While the plant will be owned by the Fujairah Asia Power Company (established in 2007), the shareholders are the Abu Dhabi Water and Electricity Authority (60 per cent), International Power (20 per cent) and Marubeni (20 per cent). Therefore, the majority shareholder is still a state-owned entity and it's essential at this stage to assure and encourage the private sector.

Guaranteed purchase

The state will ensure fuel for the plant and guarantee purchase of all the electricity and water.

In Saudi Arabia, the Supreme Economic Council passed a resolution in 2002 setting out a framework for private sector involvement in developing IWPP and later announced a plan to launch ten IWPPs by 2016, at a total cost of $16 billion.

The Saudi Electricity Company has already approved four projects in the Kingdom, worth more than $8 billion where the combined production will be more than 7,000 MW of power and 600 million gallons of water daily when operated by the end of this year.

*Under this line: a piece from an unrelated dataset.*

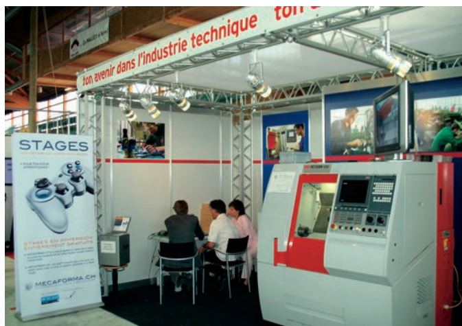
Stand du GIM-CH à «Planète Métier 2007»

une responsabilité dans le développement de ce projet.

For this purpose, a private Saudi company, ACWA Power International was set up as a credible and capable development partner for IWPPs as it would help identify opportunities and also lead a consortium of development partners in addition to selecting consultants and contractors and operations and maintenance companies.

Such a development is indeed a higher stage in the involvement of the private sector.

Similarly, Oman recently signed a contract with a consortium led by France's GDF to build two gas-fired power plants at a combined estimated cost of $1.8 billion and a capacity of 744 MW in Barka and Sohar. Both Omani private firms and Japanese companies are part of the consortium in addition to a partnership where the Omani Public Authority for Social Insurance will join in this field of investment.

This idea is well established in developed countries but it has yet to catch up in our region. This will help give social insurance funds a new field of investment other than the traditional property sector.

The inputs and off-take agreements will be signed shortly for a period of 15 years and the two projects are expected to start operations in 2012 and be fully operational by the following year. Unfortunately, the Omani projects do not include desalination components, which may come later.

The writer is former head of Energy Studies Department in Opec Secretariat in Vienna.